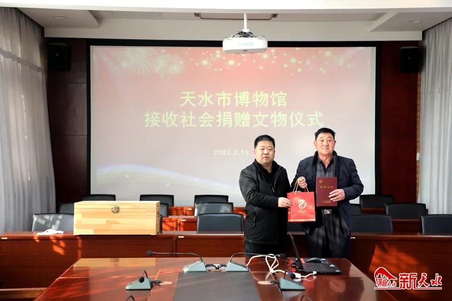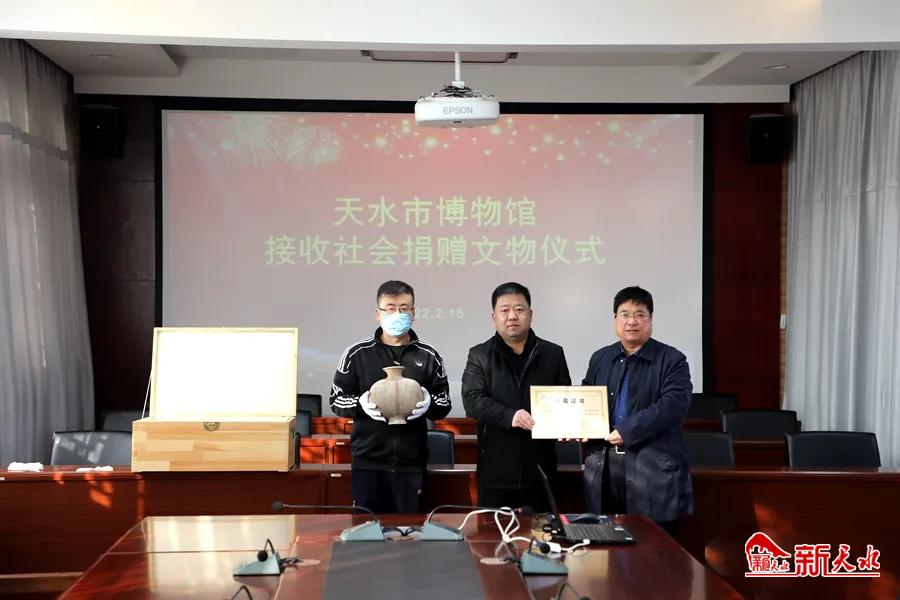 新天水讯【记者刘蕾】我市民间收藏家向市博物馆无偿捐赠4件套藏品,为了表彰我市民间收藏家保护文化遗产的仁心义举,2月15日,天水市博物馆在畅和轩举办了接受社会捐赠文物仪式,并为他们颁发了捐赠证书、赠送了2022年新春吉祥物。
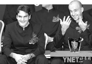 ■与沉稳的费德勒相比,柳比西奇(右)绝对是个活宝 网球明星身着统一黑色中山装 近距离接受球迷追捧———
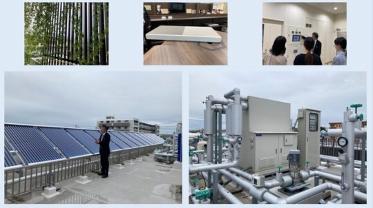 屋上のヒートポンプチラーでは、井戸水を利用し冷温水が作られ、冷暖房パネルの熱源となるそうです。非常時には、この井戸水(10トン!)は飲み水になり、会議室は避難所になることも想定されています。環境への配慮と、地域のつながりを大切にしている姿勢が印象的でした。
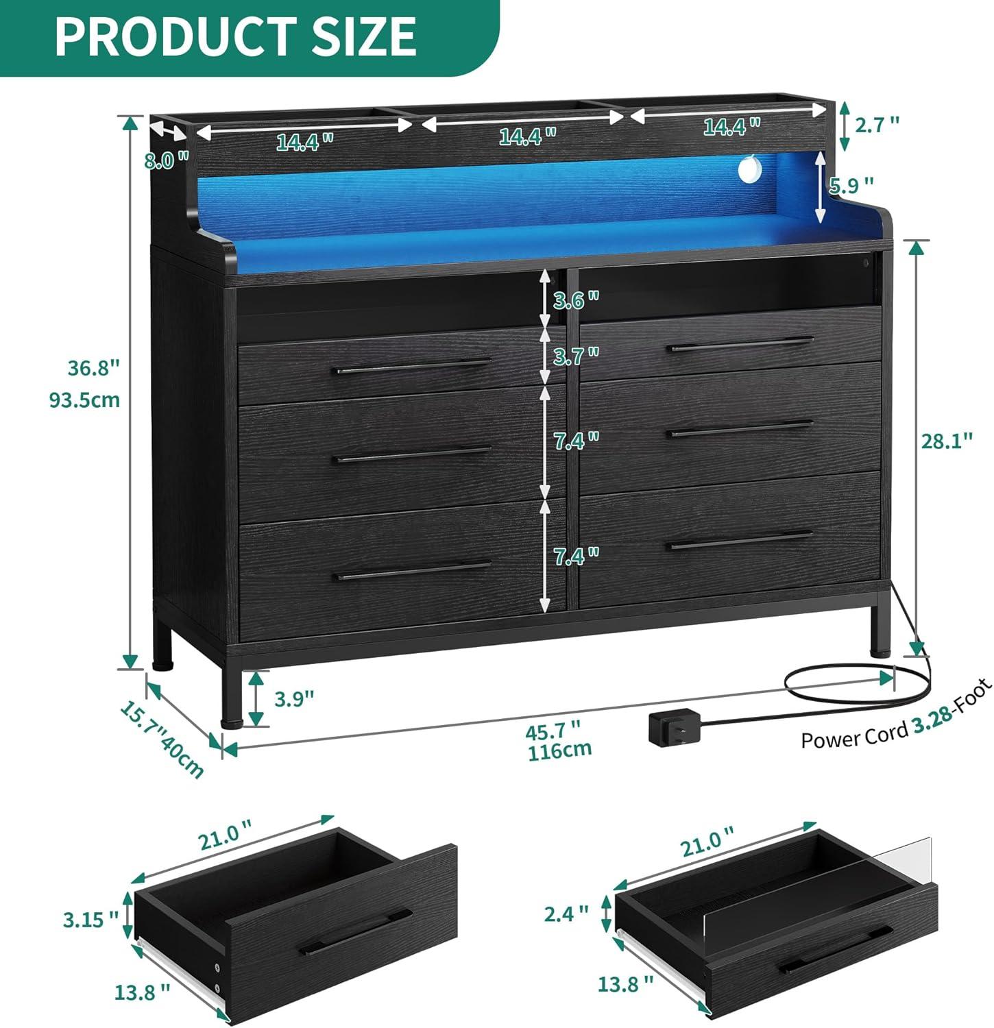 YITAHOME 6 Drawer Dressers & Chests of Drawers with LED Light, Modern Dresser with Open Shelf Storage for Room, Entryway, Hallway, Black(Black)
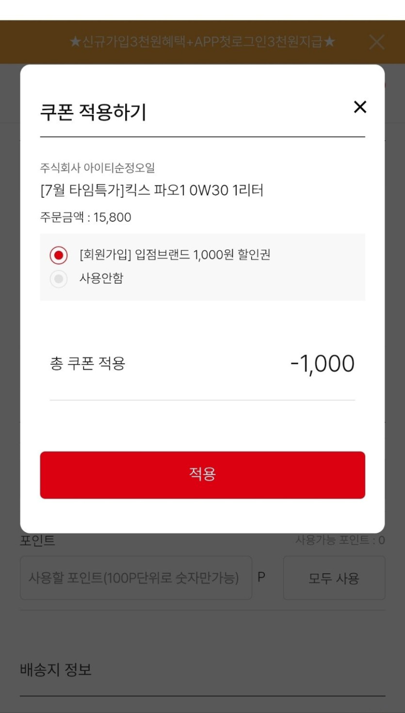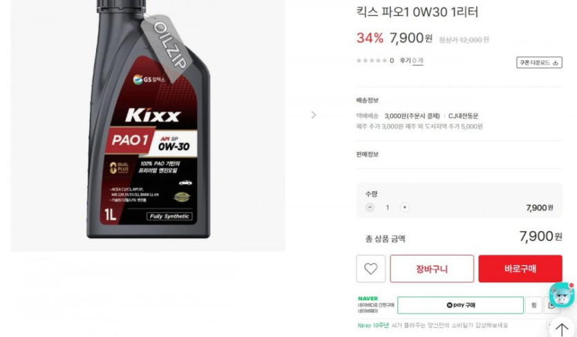 [공홈]킥스파오 1 0W30 1L(7,900원 / 3000원)

● ● ● ● ●

EXERCISE REQUIREMENTS
Pictures aside, write out all of the records exactly.

ANSWER TO THE PROBLEM
 新天水讯【记者刘蕾】我市民间收藏家向市博物馆无偿捐赠4件套藏品,为了表彰我市民间收藏家保护文化遗产的仁心义举,2月15日,天水市博物馆在畅和轩举办了接受社会捐赠文物仪式,并为他们颁发了捐赠证书、赠送了2022年新春吉祥物。
 ■与沉稳的费德勒相比,柳比西奇(右)绝对是个活宝 网球明星身着统一黑色中山装 近距离接受球迷追捧———
 屋上のヒートポンプチラーでは、井戸水を利用し冷温水が作られ、冷暖房パネルの熱源となるそうです。非常時には、この井戸水(10トン!)は飲み水になり、会議室は避難所になることも想定されています。環境への配慮と、地域のつながりを大切にしている姿勢が印象的でした。
 YITAHOME 6 Drawer Dressers & Chests of Drawers with LED Light, Modern Dresser with Open Shelf Storage for Room, Entryway, Hallway, Black(Black)
 [공홈]킥스파오 1 0W30 1L(7,900원 / 3000원)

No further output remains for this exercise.